[Exercise] From the listing below, copy out every line where the word "with" appears.

[Material for this task]
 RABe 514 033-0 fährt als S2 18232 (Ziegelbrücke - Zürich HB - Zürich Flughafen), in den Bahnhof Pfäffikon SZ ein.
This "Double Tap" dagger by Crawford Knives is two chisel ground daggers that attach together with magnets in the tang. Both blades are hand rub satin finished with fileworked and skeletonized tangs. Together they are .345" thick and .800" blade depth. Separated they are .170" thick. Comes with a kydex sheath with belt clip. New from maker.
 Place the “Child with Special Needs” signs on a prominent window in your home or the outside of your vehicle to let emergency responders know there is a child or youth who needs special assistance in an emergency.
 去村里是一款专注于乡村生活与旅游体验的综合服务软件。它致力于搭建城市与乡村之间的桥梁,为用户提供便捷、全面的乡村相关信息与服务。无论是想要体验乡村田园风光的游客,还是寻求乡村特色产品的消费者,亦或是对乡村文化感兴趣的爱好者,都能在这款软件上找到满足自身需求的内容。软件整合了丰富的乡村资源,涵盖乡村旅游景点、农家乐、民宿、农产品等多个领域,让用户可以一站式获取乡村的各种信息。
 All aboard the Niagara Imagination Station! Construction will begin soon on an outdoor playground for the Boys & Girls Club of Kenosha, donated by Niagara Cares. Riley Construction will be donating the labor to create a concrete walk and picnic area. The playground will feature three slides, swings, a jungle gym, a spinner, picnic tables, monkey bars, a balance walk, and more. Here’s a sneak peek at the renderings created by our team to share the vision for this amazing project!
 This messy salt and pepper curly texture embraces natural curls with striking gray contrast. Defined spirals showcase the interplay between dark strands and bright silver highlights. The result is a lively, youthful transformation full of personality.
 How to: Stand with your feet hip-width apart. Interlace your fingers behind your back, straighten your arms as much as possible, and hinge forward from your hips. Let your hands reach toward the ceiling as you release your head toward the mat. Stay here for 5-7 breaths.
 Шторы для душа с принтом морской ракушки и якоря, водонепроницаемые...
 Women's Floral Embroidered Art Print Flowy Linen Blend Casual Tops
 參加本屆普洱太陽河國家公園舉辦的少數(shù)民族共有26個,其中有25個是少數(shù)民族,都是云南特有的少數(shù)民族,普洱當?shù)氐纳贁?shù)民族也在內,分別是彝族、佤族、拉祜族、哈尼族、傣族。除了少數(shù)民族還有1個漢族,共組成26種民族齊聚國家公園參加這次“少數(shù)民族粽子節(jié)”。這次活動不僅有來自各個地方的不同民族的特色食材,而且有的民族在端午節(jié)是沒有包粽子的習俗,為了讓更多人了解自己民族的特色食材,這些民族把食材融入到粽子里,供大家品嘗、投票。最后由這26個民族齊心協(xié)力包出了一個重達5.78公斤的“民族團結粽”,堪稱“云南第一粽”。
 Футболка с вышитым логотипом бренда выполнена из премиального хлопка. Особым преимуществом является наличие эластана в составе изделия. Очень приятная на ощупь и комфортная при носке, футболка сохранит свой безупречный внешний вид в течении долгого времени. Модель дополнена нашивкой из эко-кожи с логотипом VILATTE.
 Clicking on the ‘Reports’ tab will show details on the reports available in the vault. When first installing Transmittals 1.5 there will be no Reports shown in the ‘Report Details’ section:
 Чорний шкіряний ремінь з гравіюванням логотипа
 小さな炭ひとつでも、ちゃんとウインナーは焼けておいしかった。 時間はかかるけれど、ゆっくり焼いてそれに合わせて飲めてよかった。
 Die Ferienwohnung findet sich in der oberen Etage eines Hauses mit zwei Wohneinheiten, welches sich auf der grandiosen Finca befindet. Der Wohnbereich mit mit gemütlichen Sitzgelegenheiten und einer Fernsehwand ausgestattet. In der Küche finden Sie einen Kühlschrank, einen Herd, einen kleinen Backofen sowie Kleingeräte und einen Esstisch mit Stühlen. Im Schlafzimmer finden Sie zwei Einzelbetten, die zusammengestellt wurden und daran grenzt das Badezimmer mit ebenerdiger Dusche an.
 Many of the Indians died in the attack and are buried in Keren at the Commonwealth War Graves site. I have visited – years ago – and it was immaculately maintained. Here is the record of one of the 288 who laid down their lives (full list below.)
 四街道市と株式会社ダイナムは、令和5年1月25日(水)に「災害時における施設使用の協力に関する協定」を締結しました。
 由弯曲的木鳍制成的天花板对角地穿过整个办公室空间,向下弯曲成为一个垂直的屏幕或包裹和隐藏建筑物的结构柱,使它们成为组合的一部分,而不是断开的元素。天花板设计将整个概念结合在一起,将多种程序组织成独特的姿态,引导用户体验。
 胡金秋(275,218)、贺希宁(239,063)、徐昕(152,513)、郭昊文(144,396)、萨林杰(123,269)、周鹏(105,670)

[Solution for this task]
This "Double Tap" dagger by Crawford Knives is two chisel ground daggers that attach together with magnets in the tang. Both blades are hand rub satin finished with fileworked and skeletonized tangs. Together they are .345" thick and .800" blade depth. Separated they are .170" thick. Comes with a kydex sheath with belt clip. New from maker.
 Place the “Child with Special Needs” signs on a prominent window in your home or the outside of your vehicle to let emergency responders know there is a child or youth who needs special assistance in an emergency.
 This messy salt and pepper curly texture embraces natural curls with striking gray contrast. Defined spirals showcase the interplay between dark strands and bright silver highlights. The result is a lively, youthful transformation full of personality.
 How to: Stand with your feet hip-width apart. Interlace your fingers behind your back, straighten your arms as much as possible, and hinge forward from your hips. Let your hands reach toward the ceiling as you release your head toward the mat. Stay here for 5-7 breaths.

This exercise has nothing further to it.